Data items:
....

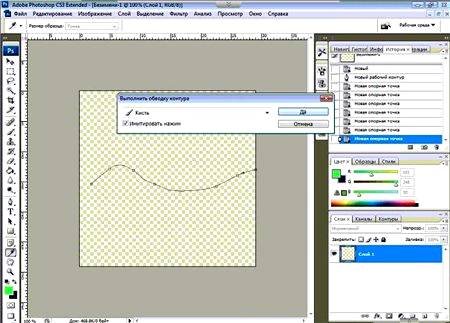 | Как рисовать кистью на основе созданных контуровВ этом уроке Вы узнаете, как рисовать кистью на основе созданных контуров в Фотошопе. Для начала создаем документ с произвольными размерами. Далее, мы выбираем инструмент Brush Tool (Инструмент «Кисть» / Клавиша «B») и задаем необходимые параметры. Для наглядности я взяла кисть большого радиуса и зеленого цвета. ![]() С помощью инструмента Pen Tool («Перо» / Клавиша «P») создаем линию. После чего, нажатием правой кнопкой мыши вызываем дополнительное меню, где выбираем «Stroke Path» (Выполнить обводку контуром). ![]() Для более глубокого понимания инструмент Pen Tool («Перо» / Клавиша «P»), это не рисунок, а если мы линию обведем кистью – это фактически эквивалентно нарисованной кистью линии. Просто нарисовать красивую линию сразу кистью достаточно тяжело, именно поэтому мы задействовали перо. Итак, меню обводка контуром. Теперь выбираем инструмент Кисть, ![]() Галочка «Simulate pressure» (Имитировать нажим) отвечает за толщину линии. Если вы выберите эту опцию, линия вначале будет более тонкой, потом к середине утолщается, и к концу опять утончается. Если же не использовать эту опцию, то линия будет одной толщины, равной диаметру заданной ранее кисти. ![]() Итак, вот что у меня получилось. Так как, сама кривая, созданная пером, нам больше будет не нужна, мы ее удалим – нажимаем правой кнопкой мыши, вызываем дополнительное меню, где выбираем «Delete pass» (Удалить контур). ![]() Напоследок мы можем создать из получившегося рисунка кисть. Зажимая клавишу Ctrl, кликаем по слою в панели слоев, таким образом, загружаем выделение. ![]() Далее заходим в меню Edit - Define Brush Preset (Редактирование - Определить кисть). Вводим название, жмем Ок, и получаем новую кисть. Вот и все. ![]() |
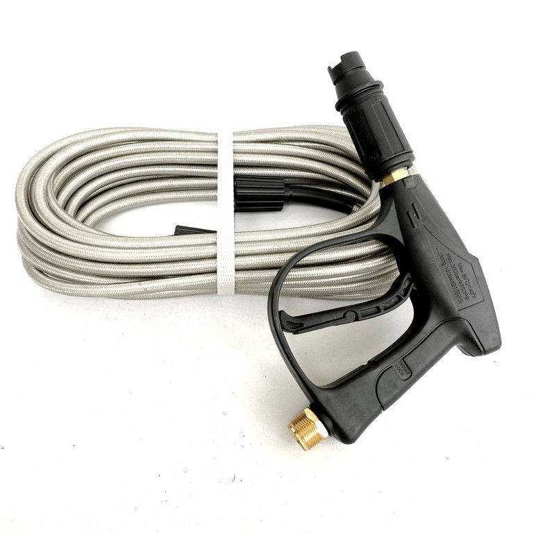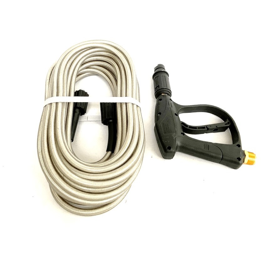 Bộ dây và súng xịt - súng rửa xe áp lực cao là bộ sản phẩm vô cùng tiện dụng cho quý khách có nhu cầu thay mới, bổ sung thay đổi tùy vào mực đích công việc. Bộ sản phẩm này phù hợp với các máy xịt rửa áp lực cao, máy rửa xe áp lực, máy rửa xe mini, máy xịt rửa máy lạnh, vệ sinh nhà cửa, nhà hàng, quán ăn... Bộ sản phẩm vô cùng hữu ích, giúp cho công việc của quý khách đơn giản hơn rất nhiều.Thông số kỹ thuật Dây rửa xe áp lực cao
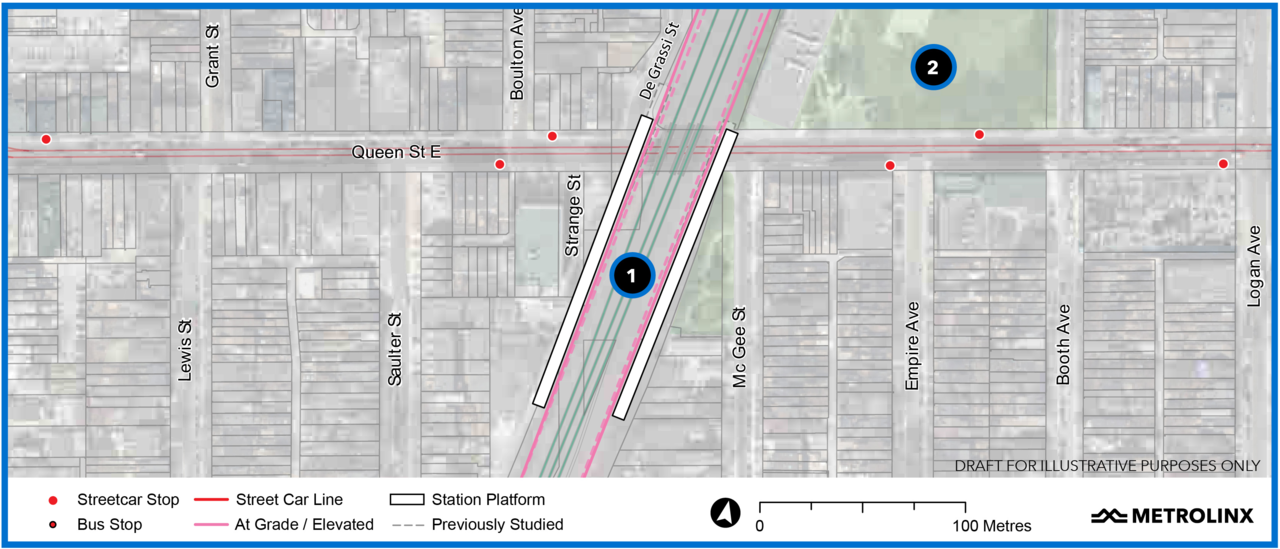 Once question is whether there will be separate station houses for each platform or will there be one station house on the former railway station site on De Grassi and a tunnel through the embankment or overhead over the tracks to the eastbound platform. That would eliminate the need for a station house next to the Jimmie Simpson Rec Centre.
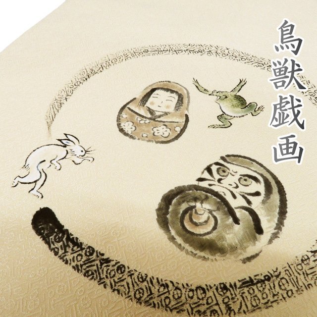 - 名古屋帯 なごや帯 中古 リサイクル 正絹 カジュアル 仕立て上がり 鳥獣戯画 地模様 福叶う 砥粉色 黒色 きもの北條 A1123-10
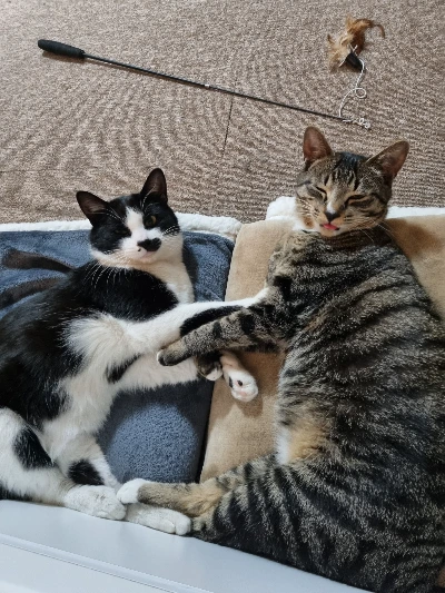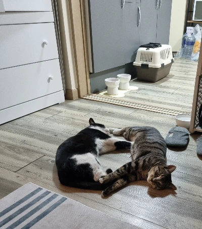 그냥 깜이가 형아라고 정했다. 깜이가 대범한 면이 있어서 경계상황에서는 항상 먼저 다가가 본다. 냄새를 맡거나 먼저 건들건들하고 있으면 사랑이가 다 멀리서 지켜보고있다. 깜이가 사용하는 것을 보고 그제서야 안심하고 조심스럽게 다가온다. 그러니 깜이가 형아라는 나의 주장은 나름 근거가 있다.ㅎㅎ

....

- _REQUIRED WORK_:
Before copying, set the pictures aside; then reproduce each entry above exactly.

- _OUTPUT OF THE EXERCISE_:
 | Как рисовать кистью на основе созданных контуровВ этом уроке Вы узнаете, как рисовать кистью на основе созданных контуров в Фотошопе. Для начала создаем документ с произвольными размерами. Далее, мы выбираем инструмент Brush Tool (Инструмент «Кисть» / Клавиша «B») и задаем необходимые параметры. Для наглядности я взяла кисть большого радиуса и зеленого цвета. ![]() С помощью инструмента Pen Tool («Перо» / Клавиша «P») создаем линию. После чего, нажатием правой кнопкой мыши вызываем дополнительное меню, где выбираем «Stroke Path» (Выполнить обводку контуром). ![]() Для более глубокого понимания инструмент Pen Tool («Перо» / Клавиша «P»), это не рисунок, а если мы линию обведем кистью – это фактически эквивалентно нарисованной кистью линии. Просто нарисовать красивую линию сразу кистью достаточно тяжело, именно поэтому мы задействовали перо. Итак, меню обводка контуром. Теперь выбираем инструмент Кисть, ![]() Галочка «Simulate pressure» (Имитировать нажим) отвечает за толщину линии. Если вы выберите эту опцию, линия вначале будет более тонкой, потом к середине утолщается, и к концу опять утончается. Если же не использовать эту опцию, то линия будет одной толщины, равной диаметру заданной ранее кисти. ![]() Итак, вот что у меня получилось. Так как, сама кривая, созданная пером, нам больше будет не нужна, мы ее удалим – нажимаем правой кнопкой мыши, вызываем дополнительное меню, где выбираем «Delete pass» (Удалить контур). ![]() Напоследок мы можем создать из получившегося рисунка кисть. Зажимая клавишу Ctrl, кликаем по слою в панели слоев, таким образом, загружаем выделение. ![]() Далее заходим в меню Edit - Define Brush Preset (Редактирование - Определить кисть). Вводим название, жмем Ок, и получаем новую кисть. Вот и все. ![]() |
 Bộ dây và súng xịt - súng rửa xe áp lực cao là bộ sản phẩm vô cùng tiện dụng cho quý khách có nhu cầu thay mới, bổ sung thay đổi tùy vào mực đích công việc. Bộ sản phẩm này phù hợp với các máy xịt rửa áp lực cao, máy rửa xe áp lực, máy rửa xe mini, máy xịt rửa máy lạnh, vệ sinh nhà cửa, nhà hàng, quán ăn... Bộ sản phẩm vô cùng hữu ích, giúp cho công việc của quý khách đơn giản hơn rất nhiều.Thông số kỹ thuật Dây rửa xe áp lực cao
 Once question is whether there will be separate station houses for each platform or will there be one station house on the former railway station site on De Grassi and a tunnel through the embankment or overhead over the tracks to the eastbound platform. That would eliminate the need for a station house next to the Jimmie Simpson Rec Centre.
 - 名古屋帯 なごや帯 中古 リサイクル 正絹 カジュアル 仕立て上がり 鳥獣戯画 地模様 福叶う 砥粉色 黒色 きもの北條 A1123-10
 그냥 깜이가 형아라고 정했다. 깜이가 대범한 면이 있어서 경계상황에서는 항상 먼저 다가가 본다. 냄새를 맡거나 먼저 건들건들하고 있으면 사랑이가 다 멀리서 지켜보고있다. 깜이가 사용하는 것을 보고 그제서야 안심하고 조심스럽게 다가온다. 그러니 깜이가 형아라는 나의 주장은 나름 근거가 있다.ㅎㅎ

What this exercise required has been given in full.